Ho incontrato la prima volta Shereen 25 anni fa, quando abbiamo deciso di trasmettere da Betlemme la messa di Natale. Da allora si è instaurata una amicizia e una collaborazione, fatta di interviste e di confronto sulla Chiesa locale di Terra Santa. Esattamente 20 anni fa, durante l’assedio della Basilica della Natività, ha raccontato con rigore i 39 giorni dell’accerchiamento e dell’occupazione di Betlemme, una pagina triste che non si può dimenticare.

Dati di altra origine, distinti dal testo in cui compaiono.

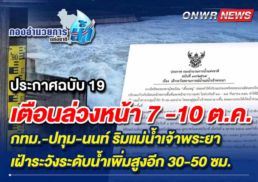 กอนช.เตือนล่วงหน้า 7-10 ต.ค. กทม.-ปทุม-นนท์ ริมแม่น้ำเจ้าพระยา เฝ้าระวังระดับน้ำเพิ่มสูงอีก 30-50 ซม.

Oggi tutta la Palestina piange Shereen. La gente è scesa nelle piazze, nelle strade, con la sua foto tra le mani; musulmani, cristiani, politici di ogni estrazione, di destra, di sinistra: ecco oggi si è avverato il suo sogno di vedere una Palestina, unita e compatta, senza divisioni. Senza spade e fucili, lei ha combattuto la sua battaglia, ha raccontato la vita di un popolo e la storia di una terra, giorno dopo giorno, conservando la sua fede; con questo abbraccio, il popolo palestinese le rende giustizia. Shereen, ora vive tra le braccia di Dio Padre, ma il suo spirito, la sua testimonianza, rimarranno sempre vivi in mezzo a noi, perché la sua voce è stata la nostra voce per raccontare al mondo la Palestina.